Iran's national soccer team has received US visas to participate in next week's World Cup, which the United States co-hosts with Mexico and Canada, the White House told Reuters, BTA reported.
The Iranians, who are in Group G with Belgium, Egypt and New Zealand, were granted access to US territory just 10 days before their first match in Los Angeles, California. Reuters recalls that tensions have arisen over the Iranian soccer team's US visas in the context of the US war with Iran.
Iranian Ambassador to Mexico Abolfazl Pasandideh said last night that his compatriots on the national soccer team had not yet received visas, but according to the White House, this happened overnight, Reuters specifies.
Tehran changed the team's base, planned for the US state of Arizona, to a location in Tijuana, Mexico, due to visa problems and a spreading public opinion in Iran that the team's presence on American territory should be minimized.
Iran's first match on the schedule is on June 15 in Los Angeles against New Zealand.

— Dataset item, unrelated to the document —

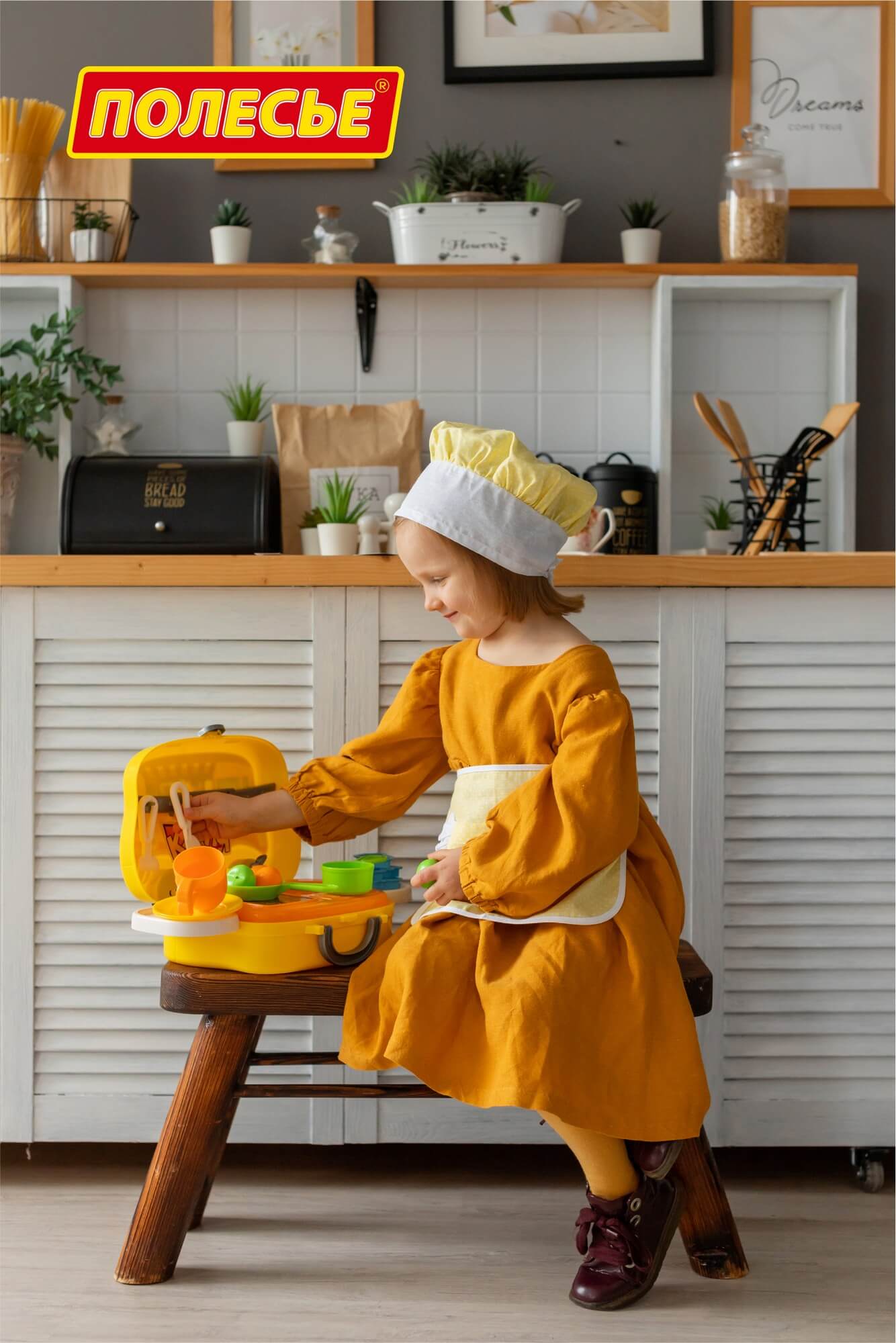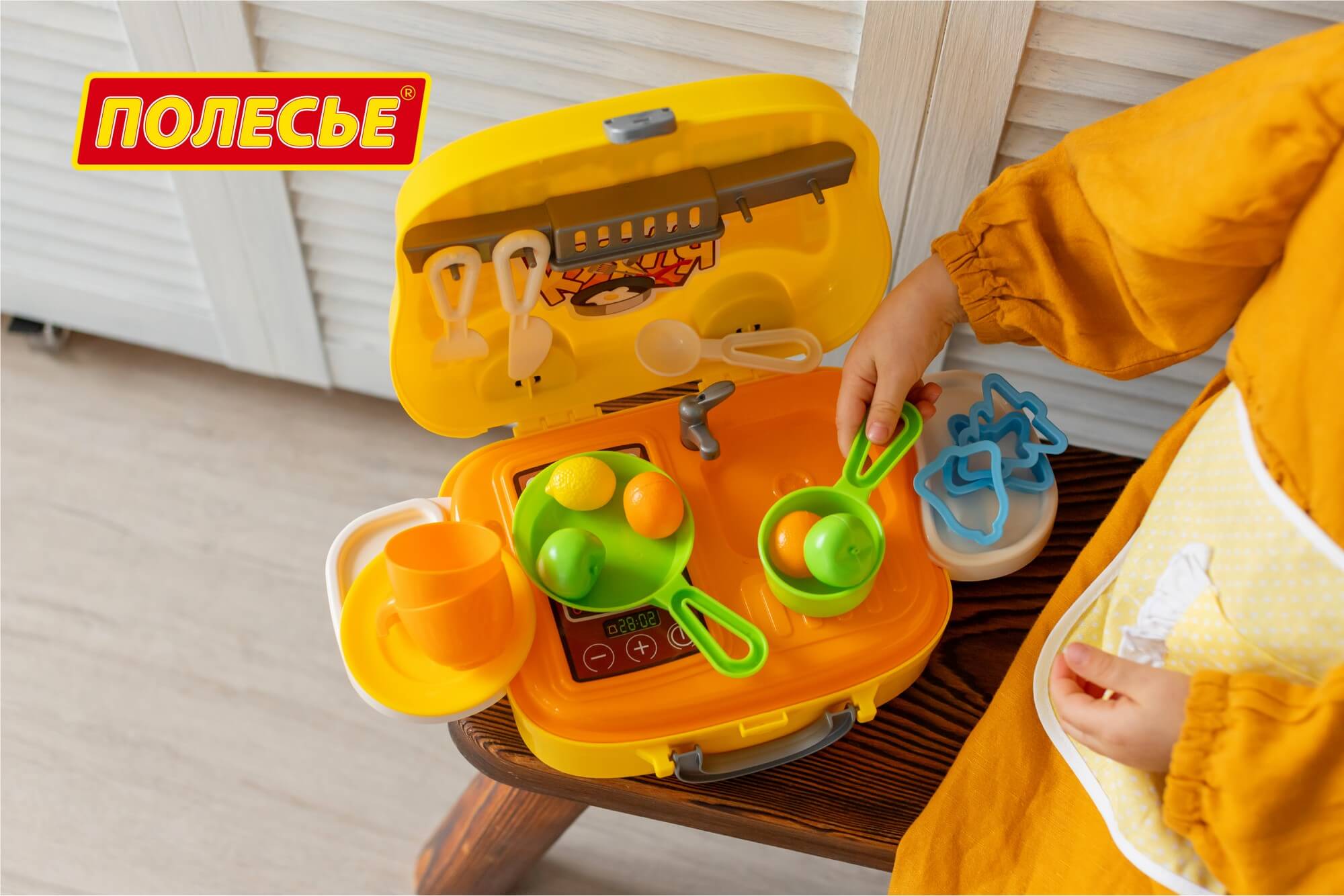 С ярким набором детской посуды от фабрики «Полесье» ребёнок сможет организовать мини-кафе и пригласить друзей. Всё необходимое для этого находится в ярком чемоданчике на колесах. Набор включает в себя 22 элемента:

The match with Belgium is in the same American metropolis, and the match with Egypt is also on American soil - in Seattle.
This is the first championship in history since the beginning of the World Cup in 1930, in which a host country hosts a team from a country with which it is at war, Reuters points out.
Secretary of State Marco Rubio told congressmen on Tuesday that the United States will not allow people associated with Iran's Islamic Revolutionary Guard Corps to be part of the Iranian soccer delegation.